Facts are Harder Than Opinions -- A Multilingual, Comparative Analysis of LLM-Based Fact-Checking Reliability
Lorraine Saju, Arnim Bleier, Jana Lasser, Claudia Wagner
TL;DR
This work addresses the reliability of LLM-based fact-checking across languages and topical domains by creating FactSpan, a dynamic multilingual dataset extending the X-Fact/ClaimReview sources to 61,514 claims spanning 30 languages (2007–2024). It evaluates five prominent LLMs (GPT-4o, GPT-3.5 Turbo, LLaMA 3.1 variants, Mixtral) on a fixed true/false task, revealing that GPT-4o attains the highest accuracy (~$73.31\%$) but also a high refusal rate (~$43\%$), while smaller open-source models show lower accuracy but fewer refusals. A key finding is that factual claims are harder to classify than opinions across all models, with performance strongly modulated by language-resource availability and claim features; post-cutoff generalization is robust for closed models, suggesting reliance on linguistic heuristics in addition to real-world knowledge.
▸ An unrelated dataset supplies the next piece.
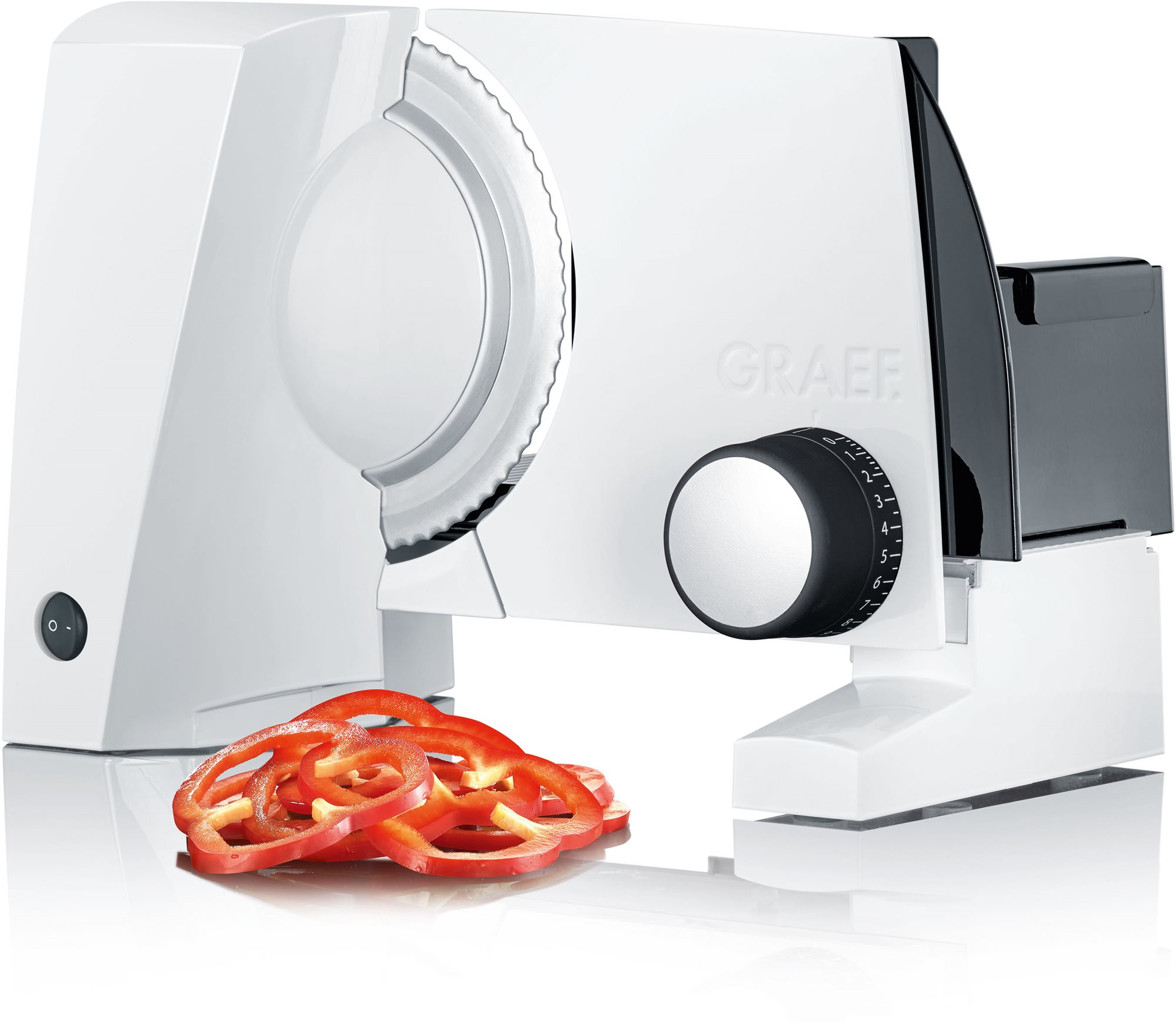 Elektrický krájač – na zeleninu, chlieb a saláma, bezpečnostná poistka, odnímateľný nôž, kryt ostria, nastaviteľné krájanie a trvalý chod, príkon 45 W, max. hrúbka rezu 20 mm, materiál prístroja plast a oceľ, materiál kotúča nehrdzavejúca oceľ, priemer kotúča 170 mm, rozmery 24 × 23 × 32,5 cm (V׊×H), hmotnosť 2,33 kg, biela farba Vďaka svojmu kompaktnému dizajnu si rad SKS100 nájde svoje miesto v každej kuchyni. Je určený pre mladé domácnosti a v konečnom dôsledku pre každého, kto si cení čerstvé a zdravé potraviny. Kovové str

These results underscore the need for cautious deployment of LLM-based fact-checkers, highlight vulnerabilities to certain claim formulations, and motivate ongoing, data-driven evaluation and multi-modal, knowledge-augmented approaches for scalable, trustworthy verification.
Abstract
The proliferation of misinformation necessitates scalable, automated fact-checking solutions. Yet, current benchmarks often overlook multilingual and topical diversity. This paper introduces a novel, dynamically extensible data set that includes 61,514 claims in multiple languages and topics, extending existing datasets up to 2024. Through a comprehensive evaluation of five prominent Large Language Models (LLMs), including GPT-4o, GPT-3.5 Turbo, LLaMA 3.1, and Mixtral 8x7B, we identify significant performance gaps between different languages and topics. While overall GPT-4o achieves the highest accuracy, it declines to classify 43% of claims. Across all models, factual-sounding claims are misclassified more often than opinions, revealing a key vulnerability. These findings underscore the need for caution and highlight challenges in deploying LLM-based fact-checking systems at scale.